Ela não conseguia se forçar a dizer as palavras em voz alta, que sua família estava morta, ela sabia a verdade, tinha visto com seus próprios olhos, mas não conseguia dizer. "Sinto muito pela sua perda." A gentileza que o alfa estava disposto a mostrar a uma estranha era incrivelmente confusa. "Eu vi a maneira como você interage com minha matilha. Não acho que você esteja mentindo sobre quem é. Posso ver a dor em seus olhos ao falar sobre sua matilha e família. Mas você está escondendo algo." Os dois se encararam enquanto Chandler parava e se virava para encarar a fêmea. "Do que você está falando?" Os lábios de Chandler se contraíram em uma careta diante da óbvia confusão de Farryn.

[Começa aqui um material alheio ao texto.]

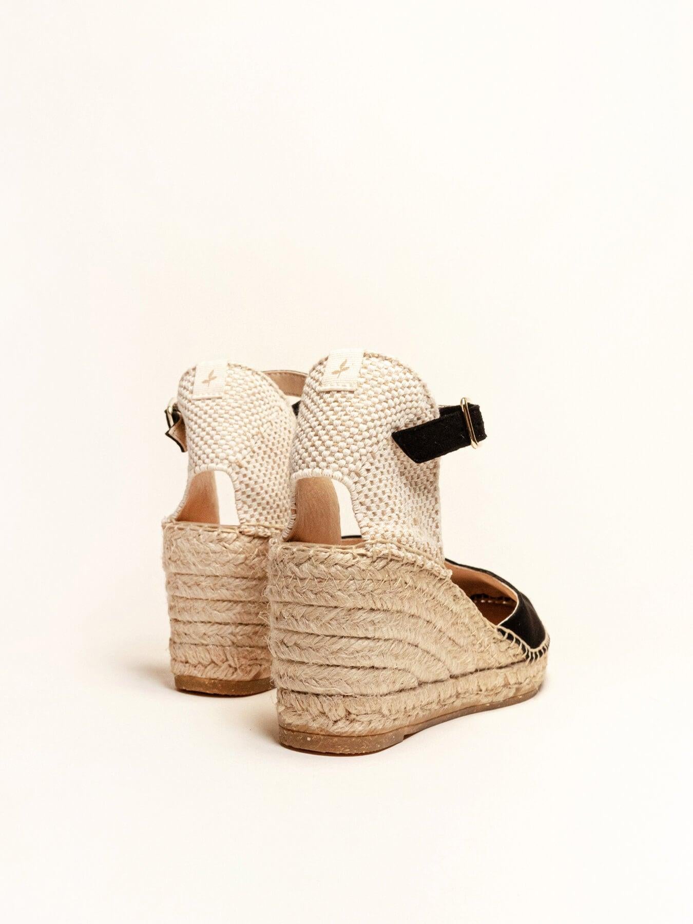 - Cuña de trenza de yute natural con suela de goma reciclada, mezclada con fibras naturales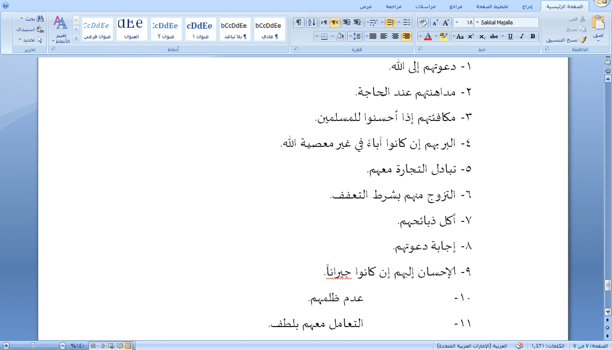 كيفية ترقيم الصفحات في الوورد المرسال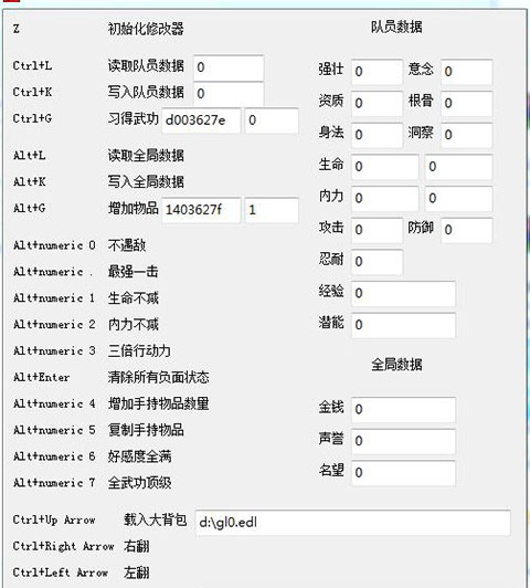 2. ctrl+L: 读取队员数据\ctrl+K: 写入队员数据\ctrl+G: 习得武功

"Você disse que não sentiu nenhum marcador de cheiro para nosso território, mesmo agora você não percebeu que saímos dele. Você nem percebe onde estamos, percebe?" Ele gesticulou com a mão direita, desviando a atenção dela. A sensação de afundamento que ela sentiu mais cedo piorou enquanto olhava ao redor. Ela sabia onde estava agora, mas ele estava certo. Ela estava tão envolvida em sua própria mente que não percebeu para onde ele a estava levando. Farryn não conseguiu se conter e se virou para vomitar o café da manhã, os restos dos edifícios eram mal visíveis através das árvores. Chandler a tinha trazido para casa.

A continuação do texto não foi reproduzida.